Archive for the ‘Live Satellite Remote Broadcasts’ Category

Five Biggest Satellite Media Tour Mistakes and How to Fix Them

September 13, 2017

Clients invest a significant amount of a public relations budget into a satellite media tour (SMT) and campaign but it can fall apart if they make big mistakes in the planning process. I’ve been producing SMTs for over twenty years so I’ve seen the good, the bad, and the ugly, and have come up with a list of the five biggest satellite media tour mistakes I’ve encountered over the years with tips on how to fix them. These missteps can be easily avoided and turned into successful broadcast media exposure for your brand, product, or service.
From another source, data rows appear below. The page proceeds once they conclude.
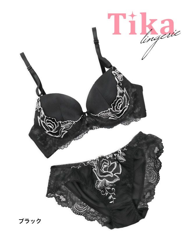 エレガントフラワー刺繍サテンカップブラジャー&ショーツ2点セットのメイン画像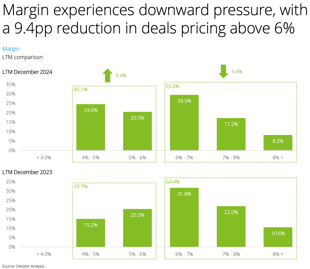 Unitranche financing has become a selective tool, rewarding creditworthy borrowers with speed and simplicity, while maintaining pricing discipline for weaker credits, as a result, private debt margins are compressing.The following chart illustrates a notable shift in private debt pricing dynamics between LTM December 2023 and LTM December 2024. Specifically, it shows a 9.4% reduction in the share of deals priced above 6%, with more transactions clustering in the 4%–6% range. Meaning, the decline in >6% pricing doesn’t mean riskier deals are getting cheaper, it means lenders are avoiding them, whereas the increase in sub-6% deals signals a flight to quality, where only resilient borrowers can access unitranche capital at scale. This supports this “selective tool” idea, capital flows to strong sponsors while riskier names are left behind or forced into higher-cost or structured solutions.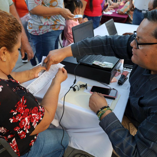 En compañía de sus equipos de colaboradores, brindaron atención a los más de 300 asistentes reunidos en el área verde de la comunidad, donde se instalaron módulos de COMAPA, empleo, expedición de tarjeta de descuento AMA, lentes y tinacos a bajo costo a través de la Secretaría de Bienestar Social.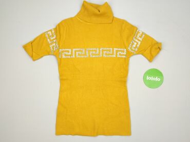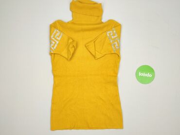 Golf prążkowany w kolorze musztardowo‑żółtym - Fason: dopasowany, elastyczny, długie rękawy - Kołnierz: wysoki golf do podwinięcia - Dzianina: średniej grubości, sprężysta, w pionowe prążki (rib) ...Dzianinowy golf damski D.D. STYLE, rozmiar S/M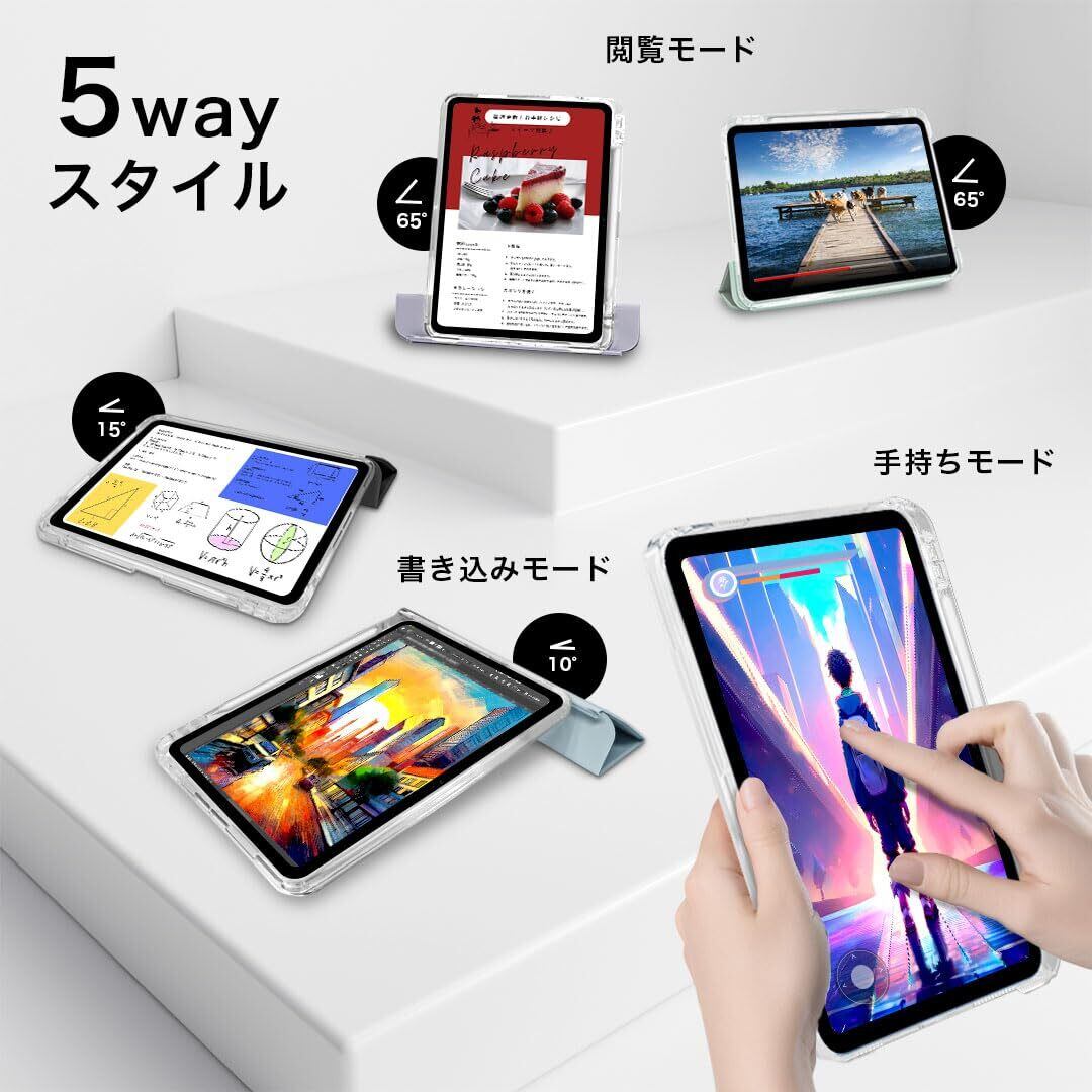 Apple Pencil ホルダー付き スライド式 液晶カバー取り外し可能 軽量 耐衝撃 カバー 縦置き/横置きスタンド ソフトフレーム 背面透明 Appleロゴが透ける 薄型 ケース
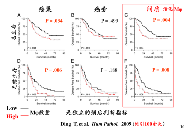 得出结论:肝癌组织中,癌巢和间质中的Mφ数量均与预后成负相关

Remote Satellite Media Tour (SMT)

#1 – Choosing the Wrong Spokesperson. One of the biggest mistakes I have seen clients make is engaging the services of the “wrong” expert or celebrity spokesperson – usually because they have not vetted them appropriately for the brand or product they are being asked to represent. If the expert or celebrity has no organic connection to the product, then paying them a big piece of your budget to recite message points just because you like the them (or because they have significant name recognition) is a big mistake. The perfect synergy occurs when the spokesperson really likes the brand, believes in the product, and it’s obvious to viewers in their delivery. Always do your due diligence to determine if a celebrity spokesperson makes sense.

#2 – Not Crafting a Message for a Broadcast Style Interview. It’s a common rookie mistake, but I’ve seen savvy publicity specialists do it, too. They take a written press release (or messaging) which is a crafted P.R. piece full of beautiful prose that sings about the product or brand and then fail to make adjustments from the written word to the spoken word. Not only does the message need to be verbally friendly for it to flow organically off the spokesperson’s tongue, but it also has to be structured and formulated in a way to maximize the message for the short time allotted for the broadcast interview (generally two-and-a-half to three minutes).

In addition to the spoken message points, there is often little or no thought given to the visual elements needed to support the story and if these assets exist. Television is a visual medium and producers love great video, photos, and the right product demos to make the interview come alive so it’s not just “talking heads.” Also, with a celebrity spokesperson, stations will want to ask a question or two outside of their spokesperson duties so planning for those questions and incorporating them into the overall timing of the message is imperative. At CMP Media Cafe, we provide complimentary message point scripts for every satellite media tour. Clients and newsrooms love the results.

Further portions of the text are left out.